____ Exercise input

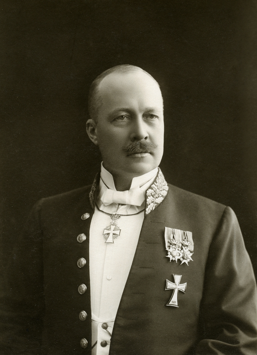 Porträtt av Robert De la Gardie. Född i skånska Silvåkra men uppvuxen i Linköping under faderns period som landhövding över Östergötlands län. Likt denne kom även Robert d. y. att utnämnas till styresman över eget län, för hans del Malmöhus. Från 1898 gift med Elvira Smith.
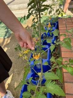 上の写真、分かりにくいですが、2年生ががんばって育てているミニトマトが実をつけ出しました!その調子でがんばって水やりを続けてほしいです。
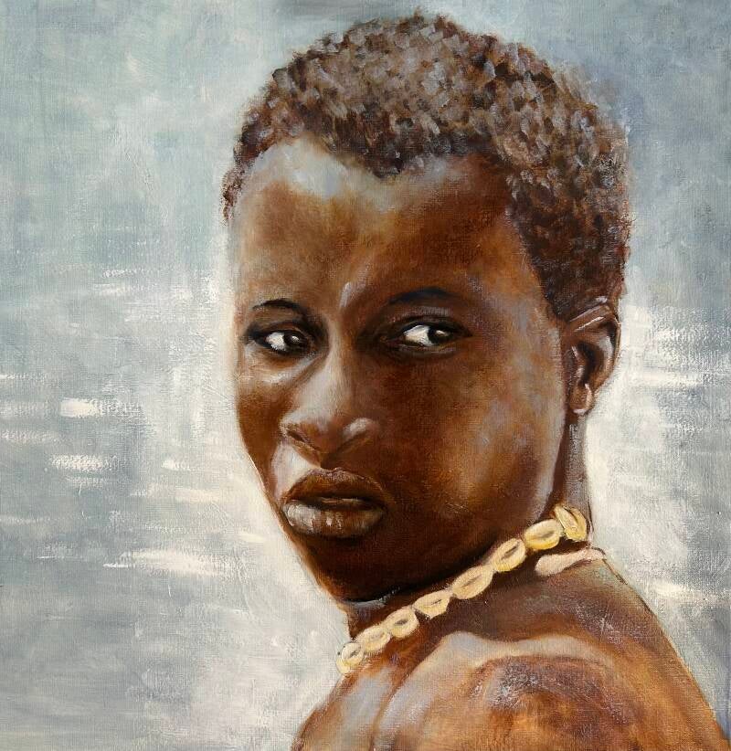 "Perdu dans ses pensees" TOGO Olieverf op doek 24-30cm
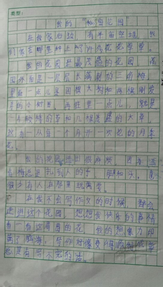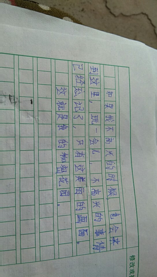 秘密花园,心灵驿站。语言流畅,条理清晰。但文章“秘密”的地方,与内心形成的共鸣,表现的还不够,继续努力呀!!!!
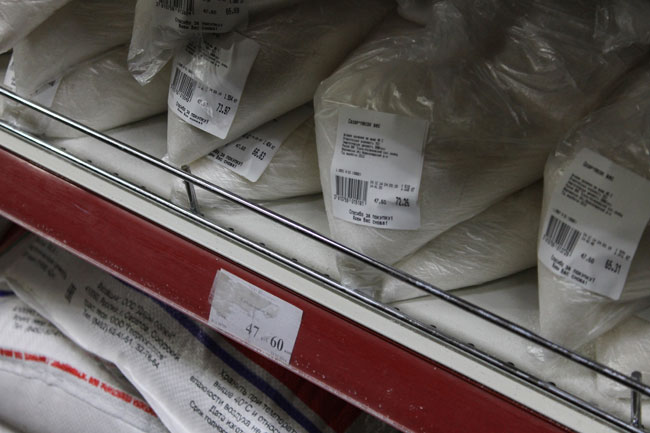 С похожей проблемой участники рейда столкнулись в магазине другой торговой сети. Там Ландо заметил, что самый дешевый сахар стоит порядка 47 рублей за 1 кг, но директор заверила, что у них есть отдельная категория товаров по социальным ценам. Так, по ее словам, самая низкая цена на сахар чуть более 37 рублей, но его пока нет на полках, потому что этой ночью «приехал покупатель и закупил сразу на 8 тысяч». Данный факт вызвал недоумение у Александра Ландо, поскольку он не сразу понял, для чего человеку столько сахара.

________

Your assignment:
Copy the listing word for word, excluding its pictures.

Result:
 Porträtt av Robert De la Gardie. Född i skånska Silvåkra men uppvuxen i Linköping under faderns period som landhövding över Östergötlands län. Likt denne kom även Robert d. y. att utnämnas till styresman över eget län, för hans del Malmöhus. Från 1898 gift med Elvira Smith.
 上の写真、分かりにくいですが、2年生ががんばって育てているミニトマトが実をつけ出しました!その調子でがんばって水やりを続けてほしいです。
 "Perdu dans ses pensees" TOGO Olieverf op doek 24-30cm
 秘密花园,心灵驿站。语言流畅,条理清晰。但文章“秘密”的地方,与内心形成的共鸣,表现的还不够,继续努力呀!!!!
 С похожей проблемой участники рейда столкнулись в магазине другой торговой сети. Там Ландо заметил, что самый дешевый сахар стоит порядка 47 рублей за 1 кг, но директор заверила, что у них есть отдельная категория товаров по социальным ценам. Так, по ее словам, самая низкая цена на сахар чуть более 37 рублей, но его пока нет на полках, потому что этой ночью «приехал покупатель и закупил сразу на 8 тысяч». Данный факт вызвал недоумение у Александра Ландо, поскольку он не сразу понял, для чего человеку столько сахара.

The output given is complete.